From Wikitech-static
Revision as of 00:27, 25 January 2022 by imported>Dzahn (→‎How this service was made)
Jump to navigation Jump to search

miscweb is a new service on kubernetes.

Since 2022-01-20 it serves production traffic for static-bugzilla.

It was requested in task T281538 to replace the legacy service "miscweb" running on Ganeti VMs in production.

Also see: miscweb1002, miscweb2002 for the legacy machines still serving other microsites.


Sites running on miscweb k8s

The first of the sites hosted on miscweb-k8s is static-bugzilla.

Since 2022-01-20 static-bugzilla.wikimedia.org is served from k8s.

The actual switch to the new backend was made here.

Other micro-sites are going to follow this quarter.

Where does the code live?

The docker image is is built by the Deployment Pipeline/CI from the repo operations/container/miscweb. This is also where the actual content and webserver config can be found.

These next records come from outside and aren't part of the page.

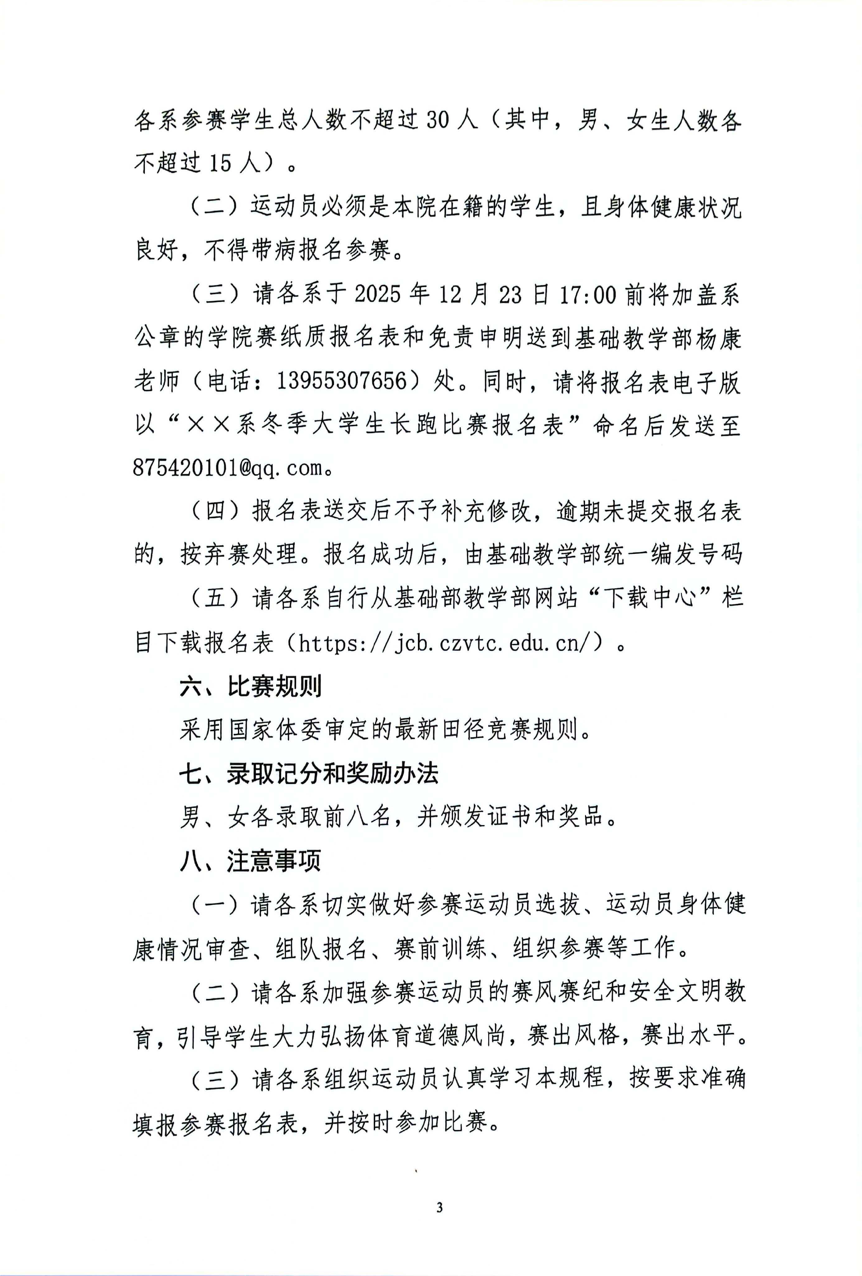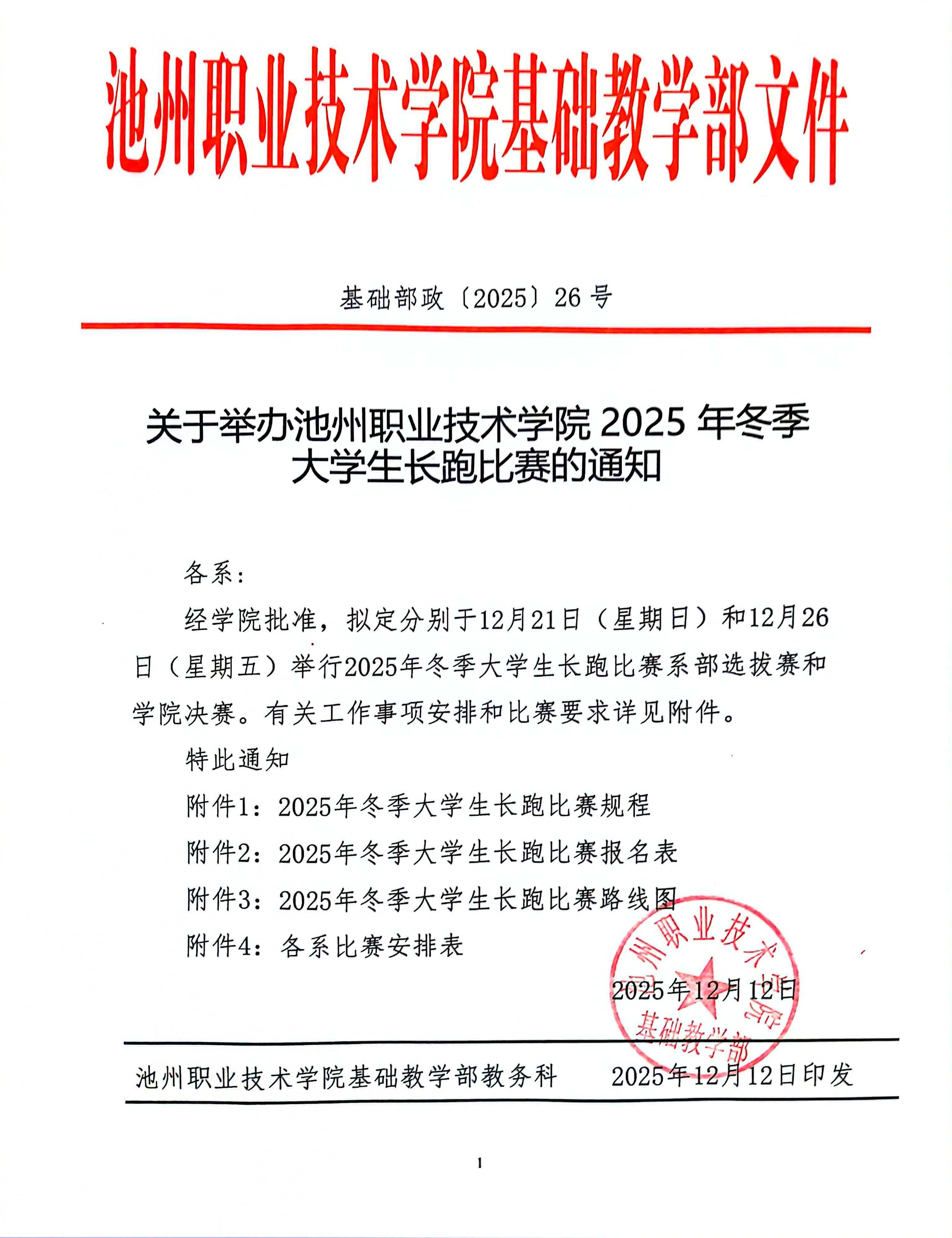 关于举办池州职业技术学院2025年冬季大学生长跑比赛的通知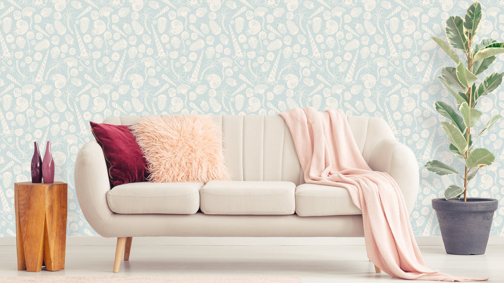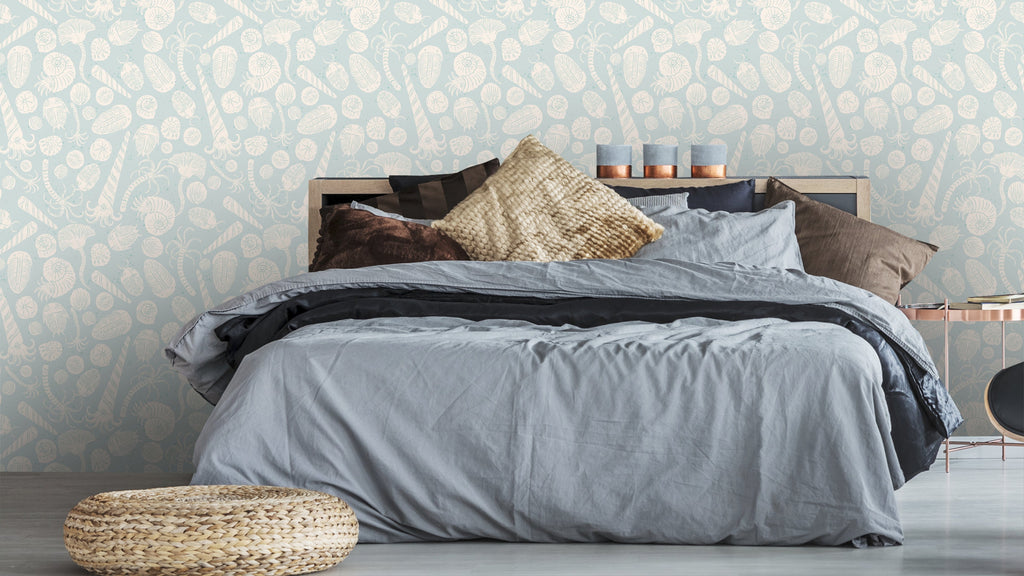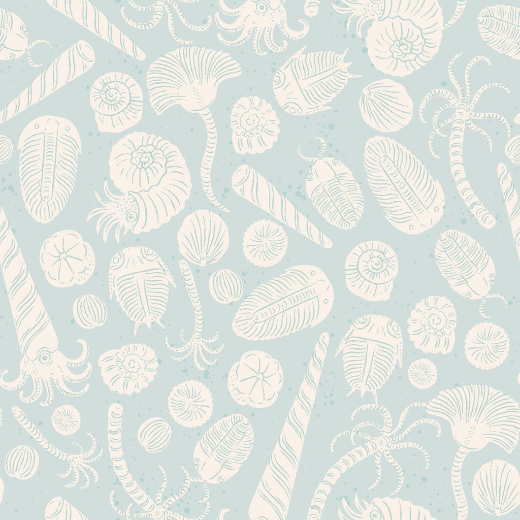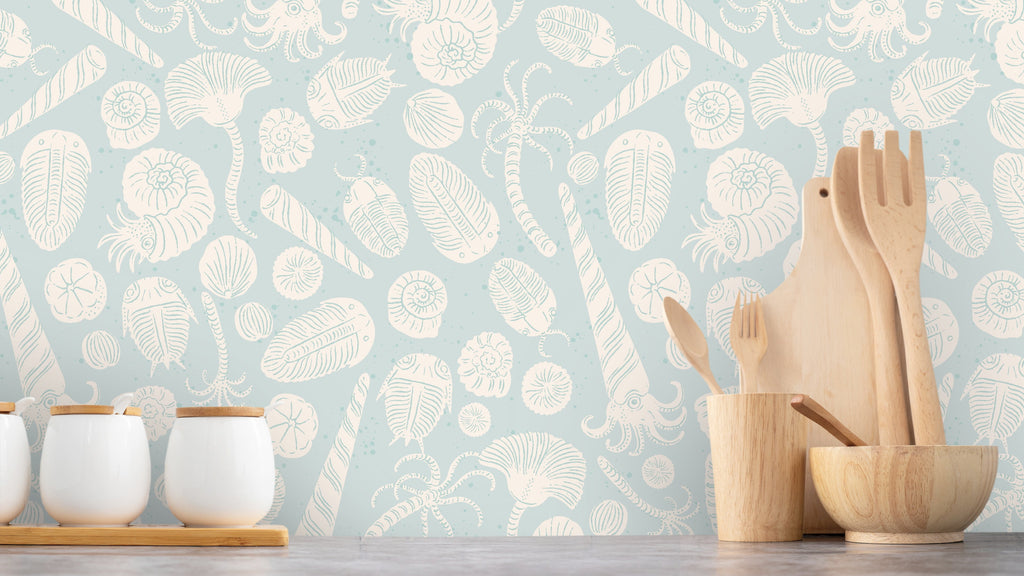 De fornhistoriska marina fossiler som avbildas på tapeten ger en känsla av tidlöshet och ger rummet en känsla av att vara en del av något större än det självt. Det är som att blicka tillbaka i tiden och se hur världen en gång såg ut.
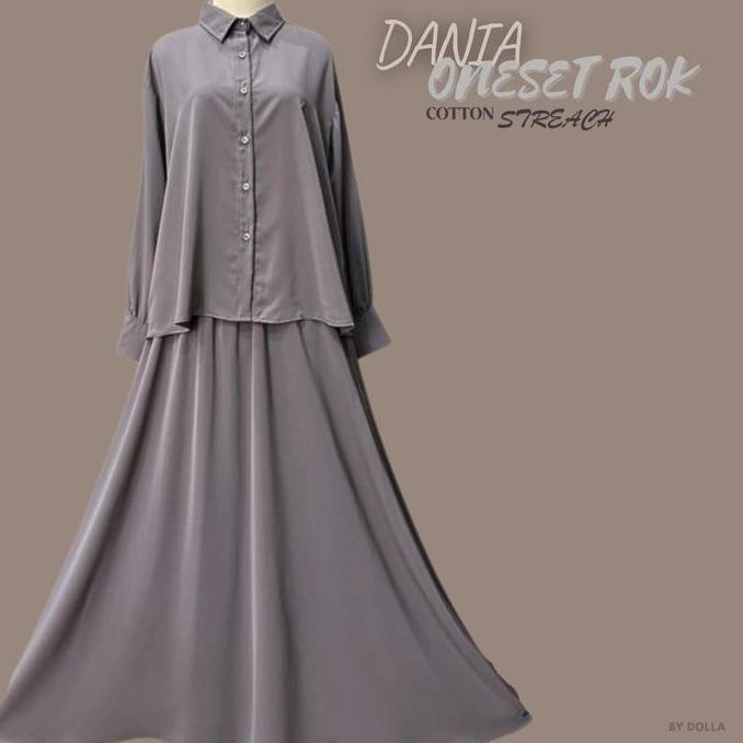 By Dolla - Dania Oneset Rok - Baju Oneset Rok Wanita Muslim - Katun Streach Lembut Adem Dingin Anti Kusut Nyaman - OOTD Casual Hijab Wanita Muslim

The helm charts for kubernetes are together with the other services in operations/deployment-charts.

Note that all the HTML content files are gzipped to reduce image size. If you want to edit HTML inside it you need to gunzip, edit and gzip, then upload to Gerrit.

How to deploy changes

Staging

  • ssh deploy1002.eqiad.wmnet
  • [deploy1002:~] $ kube_env miscweb staging
  • [deploy1002:~] $ helmfile -e staging diff
  • [deploy1002:~] $ helmfile -e staging -i apply

And wait.. either it works after a little while or it will automatically revert after 5 minutes.

Production

  • ssh deploy1002.eqiad.wmnet
  • [deploy1002:~] $ kube_env miscweb codfw
  • [deploy1002:~] $ helmfile -e codfw diff
  • [deploy1002:~] $ helmfile -e codfw -i apply

And wait.. either it works after a little while or it will automatically revert after 5 minutes.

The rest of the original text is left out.